The study enrolled people in four cohorts based on when they started ART: Fiebig stage I or II (when HIV RNA and the p24 antigen can be detected), Fiebig III or IV (when HIV antibodies are first detectable), late acute infection (three months or less) and chronic infection (over six months). The cohorts included 16, 17, 14 and 17 people, respectively. More than 90% were men, they had been on ART for three to five years and CD4 counts were high (approximately 700 to 900).

The participants underwent leukapheresis, a procedure in which blood is drawn, white blood cells are removed, and the rest of the blood is returned to the body. Through this, the researchers collected a sample of peripheral blood mononuclear cells (T cells and other immune cells). The viral reservoir was measured in these cells using the intact proviral DNA assay, total HIV DNA assay and quantitative viral outgrowth assay. Susceptibility to Gilead's investigational bNAb elipovimab was determined by genotyping of the HIV envelope gene.

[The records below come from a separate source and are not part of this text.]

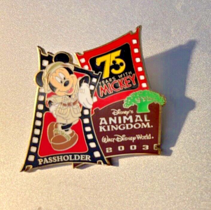 Disney Passholder Exclusive WDW Animal Kingdom 75 Years Mickey Mouse 2003 Collectible Trading Pin. L/E of 7500. Measures approximately 1 1/2" wide by 1 1/2" high. All on original card. Will Combine Shipping.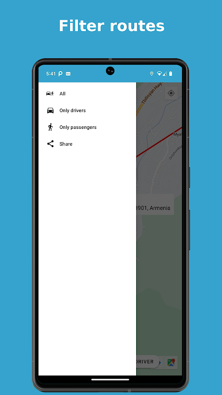 Wenn Sie ein Passagier sind, geben Sie Ihre Route ein und ein Fahrer mit derselben Route bringt Sie günstiger als ein Taxi.
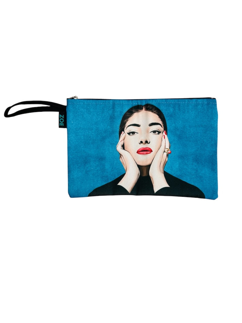 This cute cotton pouch can carry all your accessories. This pouch pays homage to Maria Callas, the pre-eminent opera soprano known throughout the world.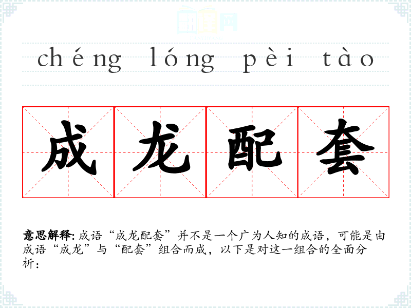 成语“成龙配套”并不是一个广为人知的成语,可能是由成语“成龙”与“配套”组合而成,以下是对这一组合的全面分析: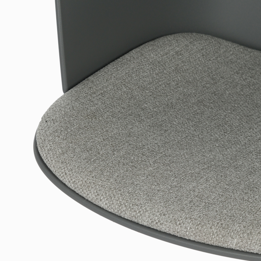 Стул имеет мягкое сиденье с обивкой из серой ткани и металлические ножки с черным покрытием.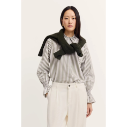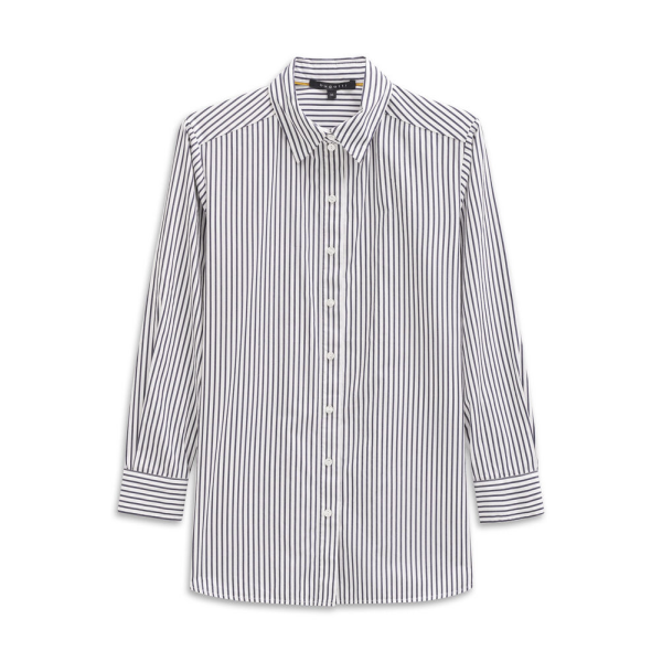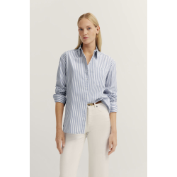 Женская полосатая блуза-рубашка с застежкой на пуговицы из 100% хлопка.С застежкой на пуговицыС принтом в полоскуПрямой кройМожно стирать при температуре до 30 градусов..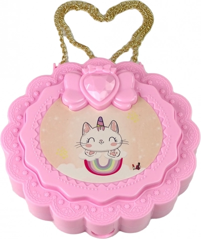 Rožnata embalaža z motivom samoroga in srčastim ročajem razveseli vsako malo lepo in hkrati praktično pospravi vse dodatke.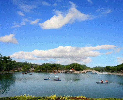 君山的竹子,更是奇異多姿,別有情趣。有點點紫斑、宛如淚痕的斑竹,有棱角方正的方竹,還有楠竹、紫竹、桂竹、龍竹、龜甲竹、梅花竹、圣音竹、連理竹等10余種,分布在十幾個山頭,占地500多畝,漫山遍野,堆綠疊翠。微風吹拂,細竹婆娑,發(fā)出切切私語;又如“湘靈鼓瑟”,娓娓動聽。故此前人留下了“碧玉森森綠水灣,鳳鳴環(huán)佩滿湘山”的詩句。尤其是一叢叢的斑竹,那迎風裊娜的身影,珠光點點的淚紋,更令人神思飛越,自然想起"蒼梧恨不盡,染淚在叢筠"的詩句。不僅僅斑竹有一段佳話,方竹、羅漢竹、圣音竹也各有傳聞,給君山島增添了無限的情趣。這樣,藍天的飛鳥,碧水的游魚,和隨風搖曳多姿的綠樹奇竹,構成了一幅生機勃勃的君山自然景觀圖。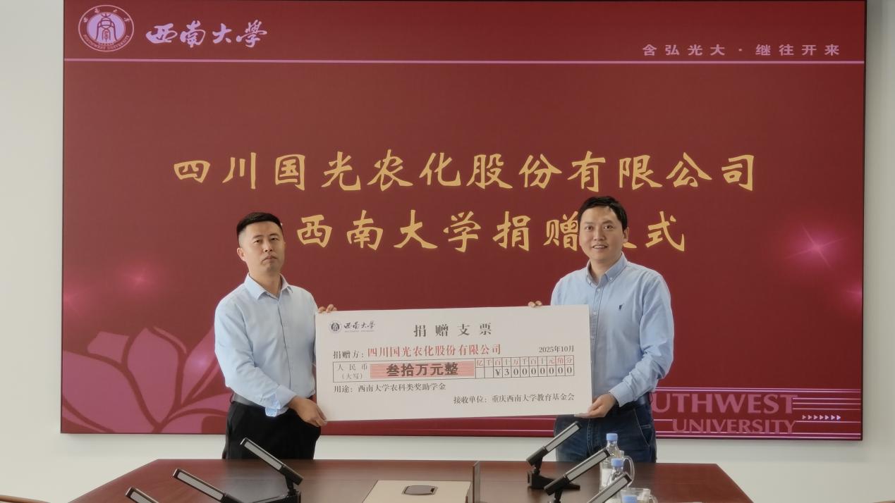 10月23日,四川国光农化股份有限公司向beat365英国官网捐赠仪式在出版大楼12楼对外联络办公室会议室举行。四川国光农化股份有限公司市场部部长、国光商学院营销学院院长张林飞,市场部办公室主任、国光新媒体经理罗杨;学校对外联络办公室主任、教育基金会秘书长唐军及对外联络办公室相关工作人员参加会议。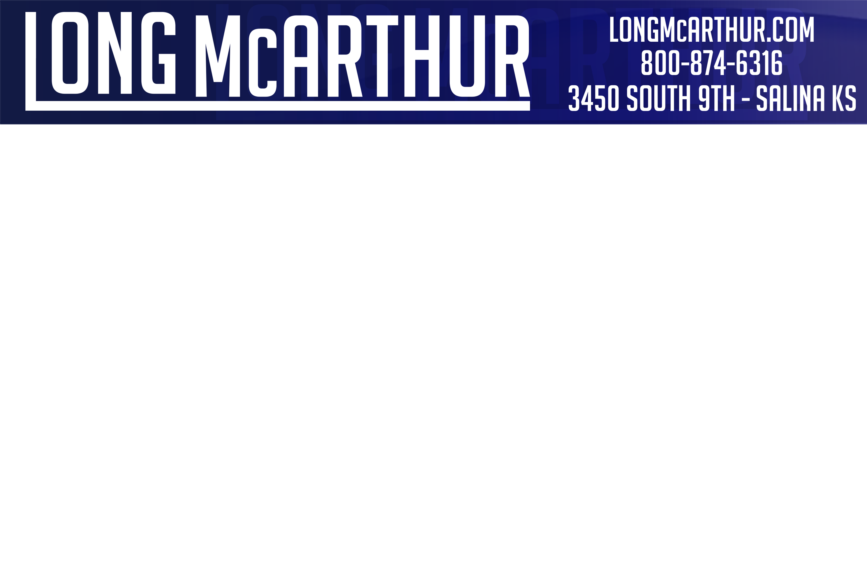 Our Prices: Prices are based on rebates for Zip Code 67401. We advertise ONE price, and although we are open to offers we encourage a transparent conversation prior to any negations. Prices are subject to change without notice. New & PreOwned vehicle pricing includes a $1,000 discount for financing through a lender arranged by Long McArthur. Arranging your own financing, or paying cash, forfeits the $1,000 discount included in the sales price on any New or Preowned vehicle purchase.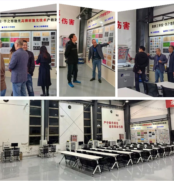 在會議報告結(jié)束后,與會人員齊聚一堂,共同前往淮陰工學院-華之尊激光高精密激光技術(shù)產(chǎn)教融合創(chuàng)新實驗室進行實地參觀。參觀過程中,與會人員對實驗室內(nèi)先進的激光設(shè)備和豐富的激光加工樣品文化墻贊不絕口。廣州華之尊光電科技有限公司總經(jīng)理秦斌親自為大家講解了各種激光設(shè)備的工作原理和應用場景,無論是新一代顯示技術(shù)/材料的制造,還是3C材料的加工,亦或是生物醫(yī)療器械的生產(chǎn),華之尊激光都以其卓越的技術(shù)和優(yōu)質(zhì)的產(chǎn)品贏得了參觀者們的廣泛贊譽。通過近距離觀察和互動體驗,與會者們深刻感受到了激光技術(shù)在現(xiàn)代制造業(yè)中的重要地位和廣闊前景。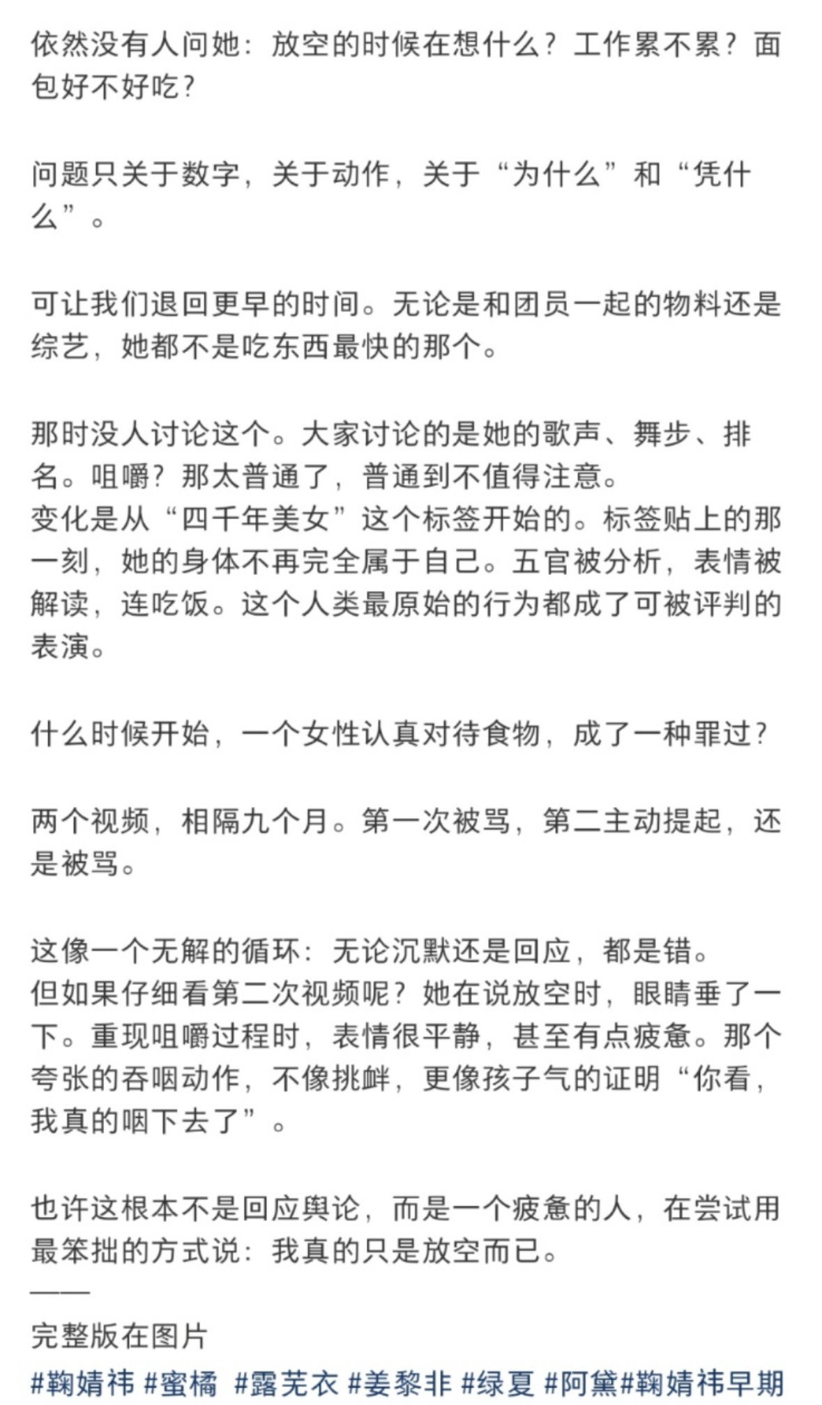 鞠婧祎 你可以慢慢吃东西 体感很强!我觉得这两年大家对鞠婧祎也宽容多了,路人缘也好了,之前的尬黑正在走理解明白的流程,这两年鞠的好评越来越多

The researchers found that total DNA was lower in the Fiebig I-II and Fiebig III-IV groups. The late acute infection cohort had a lower level than the chronic infection cohort, but the difference did not reach statistical significance. What's more, viral diversity was lower in people who started treatment during acute infection compared with chronic infection. People who started ART earlier also generally had greater susceptibility to elipovimab.

"Individuals initiating ART during Fiebig I-IV would be an optimal target population for proof-of-concept cure trials due to smaller, less diverse HIV reservoirs," the researchers concluded.

Post-treatment control in monkeys

Finally, Dr Caroline Passaes of Institut Pasteur in Paris presented results from a study of early antiretroviral therapy and post-treatment control – the ability to maintain viral suppression after stopping therapy – in macaque monkeys.

Dubbed pVISCONTI ('p' for primate), the study used a non-human primate model to assess the impact of early versus late ART initiation on immune responses and outcomes after treatment interruption. The aim is to learn more, under standardised conditions, about the factors underlying viral control seen in people in the French VISCONTI cohort and in other post-treatment controllers.

The researchers looked at monkeys infected with SIV – HIV's simian cousin – comparing 12 animals that started combination ART during primary infection (28 days after exposure), 12 that started during chronic infection (six months post-infection) and 17 that remained untreated. ART continued for two years, then the monkeys were monitored for another six months to a year after treatment interruption. Plasma viral load, CD4 T-cells levels and CD8 T-cell responses were measured throughout the study.

Viral rebound (defined as more than 1000 copies/ml) occurred sooner in those that started treatment during chronic infection compared with primary infection. What's more, 82% of the monkeys in the primary infection group achieved post-treatment control (defined as a viral load below 400 copies/ml) at the end of the study period, compared with 25% in the chronic infection group and 12% in the untreated group.

The researchers also noted that anti-SIV CD8 T-cell activity, which was weak at the time of infection, increased after treatment interruption – particularly in monkeys that started ART during primary infection – and was stronger in post-treatment controllers.

"Early combination ART initiation favoured a delayed viral rebound and a higher frequency of post-treatment control," the researchers concluded. "Post-treatment control was associated with the promotion of a robust secondary SIV-specific CD8 T-cell response, in blood and lymphoid tissues, that efficiently counteracted viral rebound after analytic treatment interruption."